In the entries below, find the line with "Состояние детали хорошее." and the line with "Joleen Baldauf’s journey", then retype both and everything between them exactly. Do not copy the pictures.

• [GIVEN DATA]:
┌──

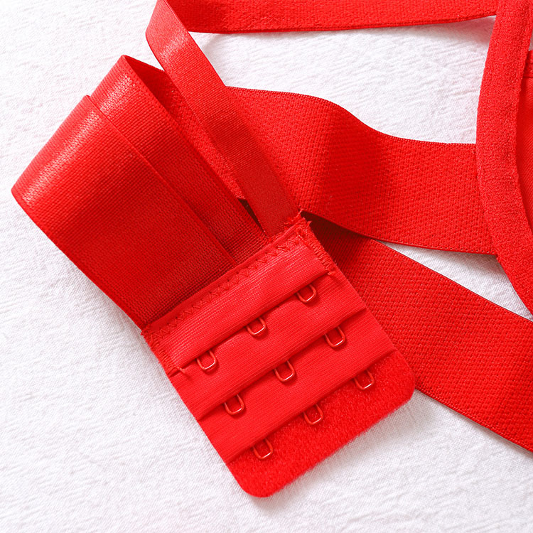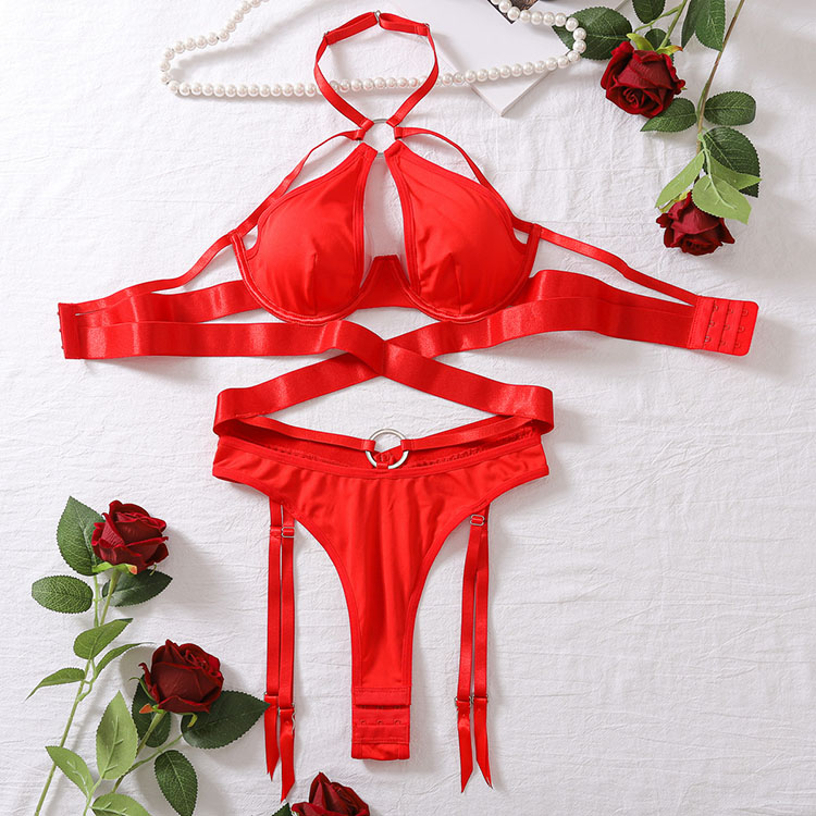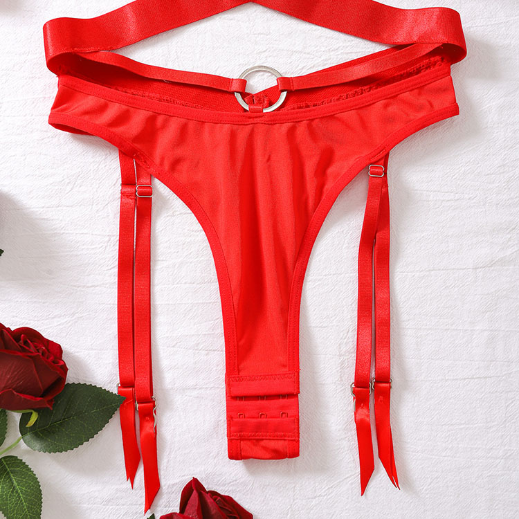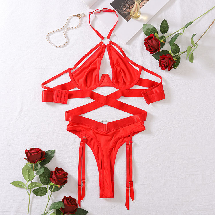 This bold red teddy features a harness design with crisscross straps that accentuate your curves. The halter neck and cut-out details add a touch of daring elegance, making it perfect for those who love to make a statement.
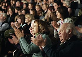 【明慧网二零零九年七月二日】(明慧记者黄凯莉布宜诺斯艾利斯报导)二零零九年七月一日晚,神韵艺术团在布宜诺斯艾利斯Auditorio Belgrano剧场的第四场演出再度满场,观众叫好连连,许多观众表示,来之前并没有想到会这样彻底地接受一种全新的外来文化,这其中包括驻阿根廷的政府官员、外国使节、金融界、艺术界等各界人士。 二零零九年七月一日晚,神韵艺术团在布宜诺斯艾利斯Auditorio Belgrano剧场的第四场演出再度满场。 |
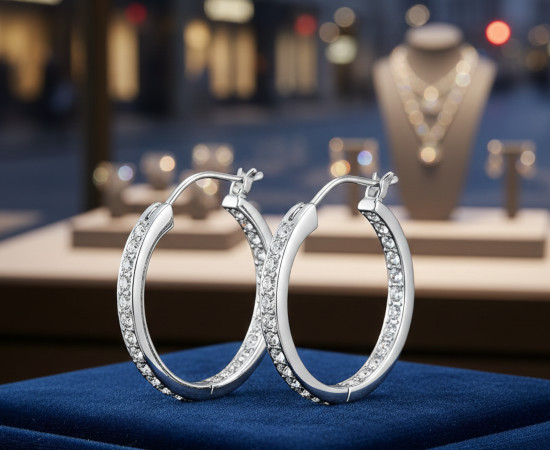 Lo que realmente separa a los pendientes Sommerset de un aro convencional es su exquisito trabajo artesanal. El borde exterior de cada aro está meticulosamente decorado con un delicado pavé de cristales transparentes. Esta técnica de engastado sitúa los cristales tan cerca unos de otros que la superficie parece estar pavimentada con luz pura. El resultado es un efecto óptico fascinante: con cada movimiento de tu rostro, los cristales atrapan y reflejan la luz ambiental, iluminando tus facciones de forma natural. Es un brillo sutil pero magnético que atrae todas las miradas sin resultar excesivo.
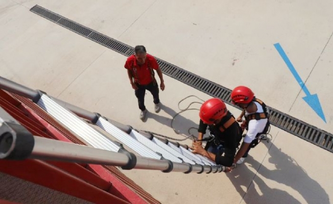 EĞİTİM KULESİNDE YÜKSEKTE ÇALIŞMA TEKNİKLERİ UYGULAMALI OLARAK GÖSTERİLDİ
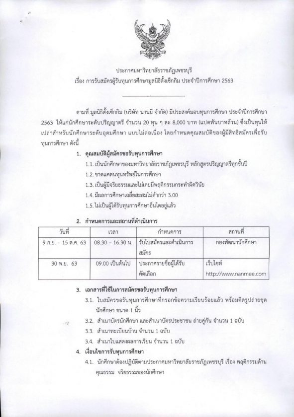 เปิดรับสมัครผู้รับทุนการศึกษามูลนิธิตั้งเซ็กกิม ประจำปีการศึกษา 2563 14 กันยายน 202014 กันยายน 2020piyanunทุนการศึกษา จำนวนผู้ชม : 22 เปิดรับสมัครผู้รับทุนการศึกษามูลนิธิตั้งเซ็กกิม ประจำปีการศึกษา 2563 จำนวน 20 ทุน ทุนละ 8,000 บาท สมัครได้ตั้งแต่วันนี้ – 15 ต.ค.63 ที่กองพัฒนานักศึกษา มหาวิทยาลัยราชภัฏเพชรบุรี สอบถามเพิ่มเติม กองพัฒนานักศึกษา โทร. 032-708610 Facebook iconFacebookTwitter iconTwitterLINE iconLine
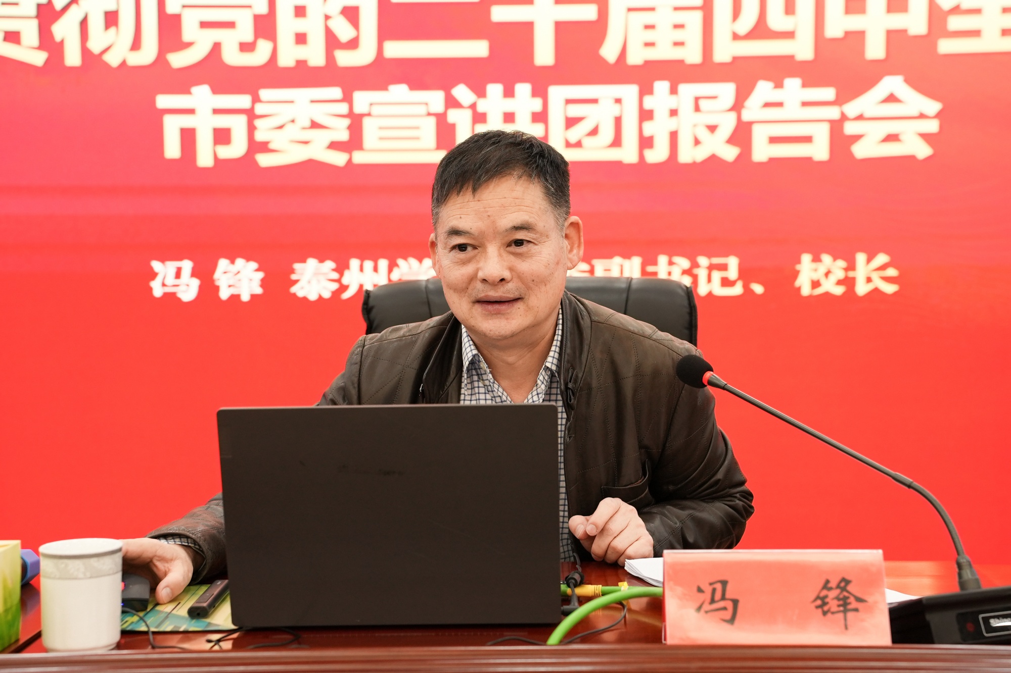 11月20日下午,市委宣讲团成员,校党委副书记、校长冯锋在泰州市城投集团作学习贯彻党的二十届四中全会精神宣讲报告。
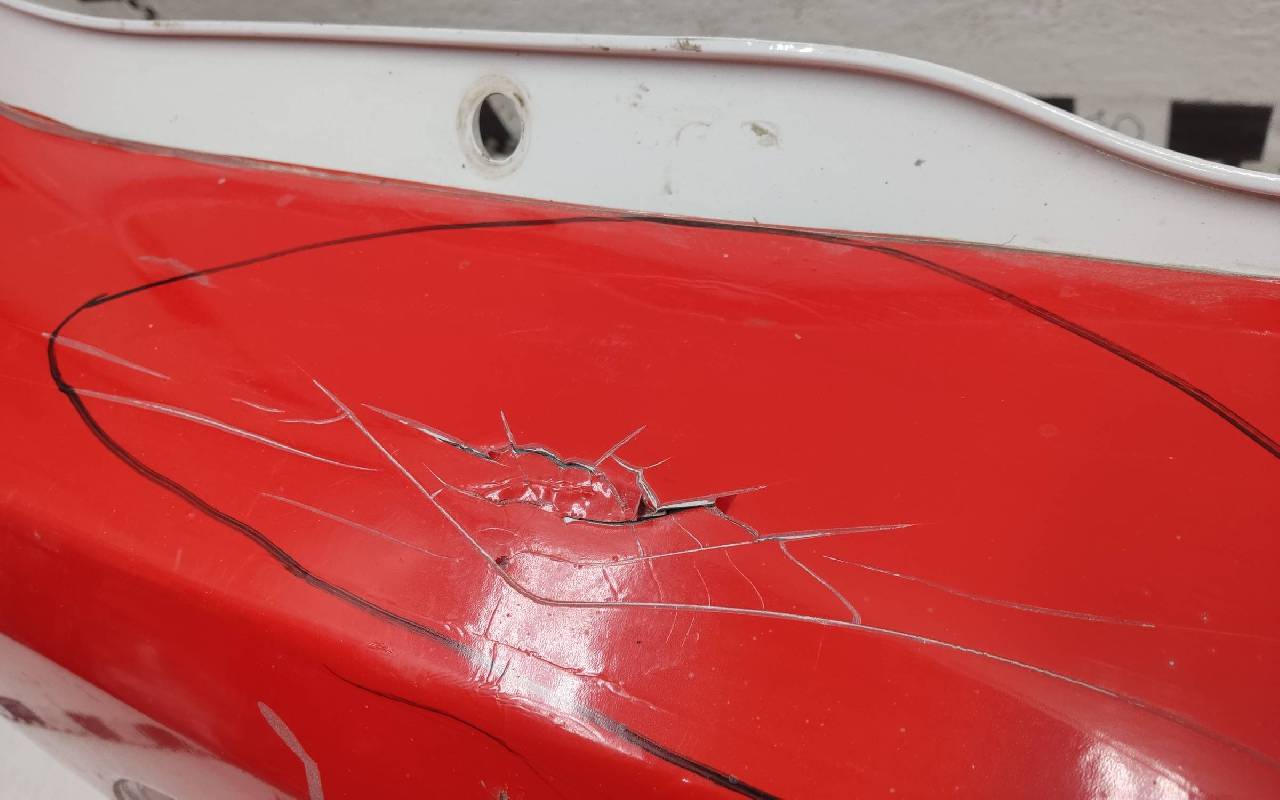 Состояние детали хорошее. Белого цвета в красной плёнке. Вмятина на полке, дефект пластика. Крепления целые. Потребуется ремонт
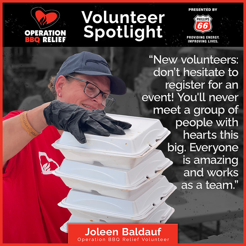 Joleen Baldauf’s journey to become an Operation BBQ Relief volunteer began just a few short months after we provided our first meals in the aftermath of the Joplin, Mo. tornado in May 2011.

└──
┌──

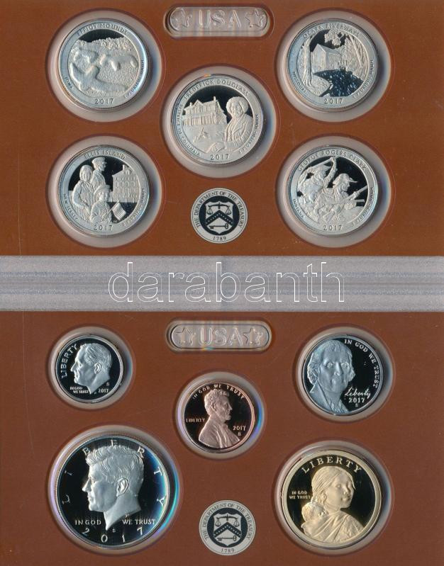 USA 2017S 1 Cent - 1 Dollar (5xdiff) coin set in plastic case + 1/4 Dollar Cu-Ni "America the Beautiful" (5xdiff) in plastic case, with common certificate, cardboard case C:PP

└──

• [ANSWER SPACE]:
 Состояние детали хорошее. Белого цвета в красной плёнке. Вмятина на полке, дефект пластика. Крепления целые. Потребуется ремонт
 Joleen Baldauf’s journey to become an Operation BBQ Relief volunteer began just a few short months after we provided our first meals in the aftermath of the Joplin, Mo. tornado in May 2011.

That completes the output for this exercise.